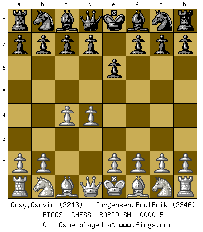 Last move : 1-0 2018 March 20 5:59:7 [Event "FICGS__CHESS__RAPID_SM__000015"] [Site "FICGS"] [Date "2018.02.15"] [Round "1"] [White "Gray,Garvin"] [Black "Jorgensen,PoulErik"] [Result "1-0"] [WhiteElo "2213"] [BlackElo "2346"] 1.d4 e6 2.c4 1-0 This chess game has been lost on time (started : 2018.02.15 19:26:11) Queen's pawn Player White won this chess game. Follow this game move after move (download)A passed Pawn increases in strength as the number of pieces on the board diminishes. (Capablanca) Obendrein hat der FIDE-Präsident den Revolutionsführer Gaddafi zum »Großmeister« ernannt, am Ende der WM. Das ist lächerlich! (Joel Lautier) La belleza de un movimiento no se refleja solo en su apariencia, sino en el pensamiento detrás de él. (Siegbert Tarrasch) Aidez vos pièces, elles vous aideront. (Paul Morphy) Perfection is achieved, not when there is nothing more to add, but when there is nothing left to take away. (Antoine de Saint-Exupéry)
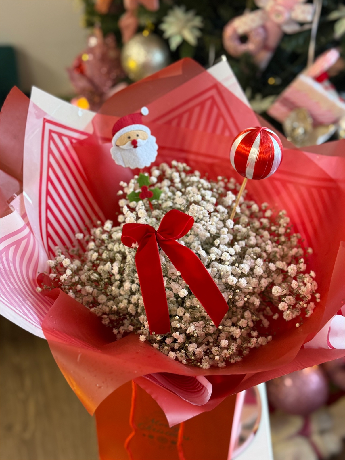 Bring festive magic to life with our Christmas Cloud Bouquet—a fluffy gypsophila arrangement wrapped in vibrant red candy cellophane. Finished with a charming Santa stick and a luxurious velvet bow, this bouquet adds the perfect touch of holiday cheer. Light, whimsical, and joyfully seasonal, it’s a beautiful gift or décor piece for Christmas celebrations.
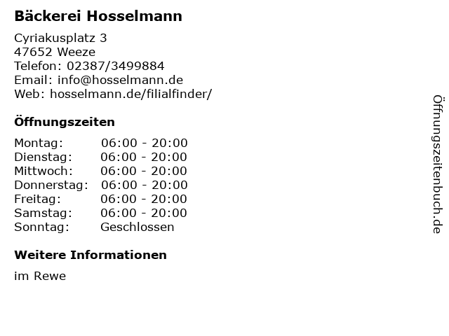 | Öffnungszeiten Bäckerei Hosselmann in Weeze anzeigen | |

* * *

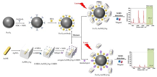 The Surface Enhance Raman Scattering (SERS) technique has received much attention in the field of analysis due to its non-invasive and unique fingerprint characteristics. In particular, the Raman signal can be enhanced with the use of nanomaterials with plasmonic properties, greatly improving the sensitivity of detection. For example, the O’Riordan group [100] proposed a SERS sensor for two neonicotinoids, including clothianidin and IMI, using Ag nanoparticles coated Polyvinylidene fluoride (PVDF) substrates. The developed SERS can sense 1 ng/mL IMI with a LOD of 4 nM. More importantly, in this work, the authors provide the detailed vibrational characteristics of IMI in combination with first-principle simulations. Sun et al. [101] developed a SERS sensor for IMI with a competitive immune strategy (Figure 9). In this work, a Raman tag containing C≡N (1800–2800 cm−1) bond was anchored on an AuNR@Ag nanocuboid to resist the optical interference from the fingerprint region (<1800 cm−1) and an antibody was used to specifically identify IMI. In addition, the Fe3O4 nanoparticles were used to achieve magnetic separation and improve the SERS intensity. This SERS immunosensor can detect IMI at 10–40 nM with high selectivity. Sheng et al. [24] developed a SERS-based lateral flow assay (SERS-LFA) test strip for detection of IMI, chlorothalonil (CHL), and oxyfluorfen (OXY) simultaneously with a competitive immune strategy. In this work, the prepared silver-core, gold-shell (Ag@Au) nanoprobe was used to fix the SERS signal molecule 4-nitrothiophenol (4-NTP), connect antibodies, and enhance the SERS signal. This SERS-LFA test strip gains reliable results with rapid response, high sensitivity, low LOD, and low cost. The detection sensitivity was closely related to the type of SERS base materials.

* * *

In the data above, find the line containing "Bring festive magic" and the line containing "anzeigen | |". Copy exactly the stretch from the first through the second, both included, leaving out any picture.

 Bring festive magic to life with our Christmas Cloud Bouquet—a fluffy gypsophila arrangement wrapped in vibrant red candy cellophane. Finished with a charming Santa stick and a luxurious velvet bow, this bouquet adds the perfect touch of holiday cheer. Light, whimsical, and joyfully seasonal, it’s a beautiful gift or décor piece for Christmas celebrations.
 | Öffnungszeiten Bäckerei Hosselmann in Weeze anzeigen | |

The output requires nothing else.